Recommendation: In addition to coaching resources and training, coaches benefit from access to ongoing mentorship. Coaches’ mentors can serve as indispensable thought partners who build capacity for strategic problem-solving. Said one DLP district leader: “Everyone needs a coach.” In addition, coaches benefit from active participation in professional learning networks (PLNs) inside and outside their districts. PLNs can help coaches become inspired and learn from a wealth of sources, develop familiarity with new tools and resources, and collaborate with peers on common challenges.

Use of technology in coaching

When used meaningfully in the classroom, technology can provide teachers with powerful ways to support student learning. However, many teachers in the U.S. do not have enough training to use technology in ways that advance learning, especially in low-income schools. The national coaching survey shows that coaches who support teachers in using technology are rated as more valuable resources by teachers.

Recommendation: We encourage district leaders to consider how technology coaching can fit meaningfully within current coaching and PD structures—not as an additional initiative divorced from larger goals. To this aim, coaches and teachers in the DLP utilize an Impactful Technology Use rubric to guide their integration of technology into existing goals.

Funding for coaching positions

According to the national coaching survey, fewer than half of the coaching positions nationally are funded at consistent rates from year to year. Longer-term investments in coaching could support comprehensive programs and ensure the hoped-for change. When teachers are not secure in their belief that a program is intended to be permanent, they may be less likely to engage. Moreover, longer-term coaching programs help coaches build strong relationships with teachers in their school(s), which is one of the cornerstones of collaborating with teachers that does not happen overnight.

Recommendation: Federal and state funds dedicated specifically to coaching could make implementing this high-impact professional learning strategy easier to sustain.
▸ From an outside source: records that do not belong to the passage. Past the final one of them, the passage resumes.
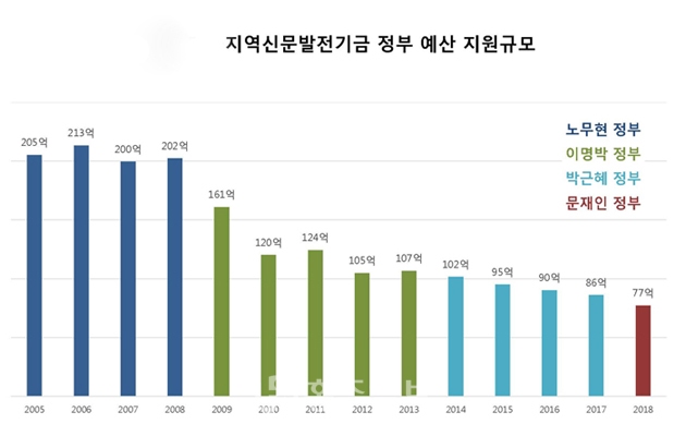 이날 토론회는 국회 문화체육관광위원회 여당 간사인 신동근 의원실과 지역신문발전위원회 주간지선정사협의회, 사단법인 바른지역언론연대가 주최했다. 발제를 맡은 이영아 바른지역언론연대 회장은 “건강한 지역신문에 대한 투자는 민주주의를 위한 필수적 공공투자”라며 “지방분권 강화와 민주주의 성장의 동력”이라고 말했다. 이어 이 회장은 선진국의 지역신문 지원제도 사례를 들며 “우리나라에서 채택하고 있는 간접지원은 열악한 지역신문 경영구조를 개선하는 데 효과적이지 않기 때문에 ‘직접적 경영지원’이 필요하다”는 점을 강조했다. 또한 “문재인 정부가 지역신문 활성화를 주요공약으로 내걸었음에도 임기 첫해인 작년 예산을 역대 최저 수준으로 편성했다”며 “2005년 처음 조성됐을 때 한해 약 200억원이던 기금(지원규모)이 77억원까지 줄어든 것은 큰 문제”라고 지적했다.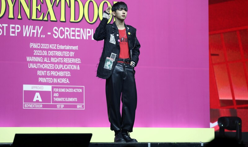 These photos, taken during the media showcase of BOYNEXTDOOR's 1st mini album 'WHY..', show the members posing for individual photos.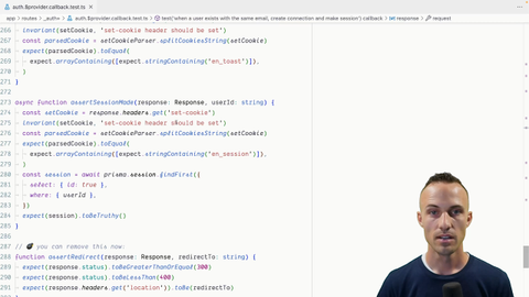 00:36 In fact, all of these could be a custom matcher that we can make ourselves. So your task is to make a custom matcher just for the assertRedirect assertion, and then update all the places where we're using assertRedirect to be expect response to have the redirect.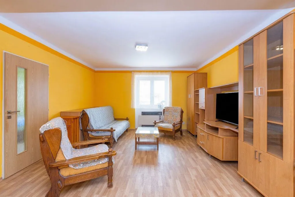 Pronájem je včetně vybavení (lednička, pračka, sporák, jídelní stůl se židlemi, obývací stěna, křesla, pohovka, botník, věšák, šatní skříň).

Cultivating sustainable high-quality coaching starts with leadership

As instructional coaching becomes more and more prevalent in schools and districts across the U.S., leaders must have a deep understanding of what good coaching is and an unwavering commitment that all efforts are centered on the needs of the teachers and students in their specific context. Our recommendations based on the national coaching survey findings and the Dynamic Learning Project study aim to cultivate sustainable high-quality coaching.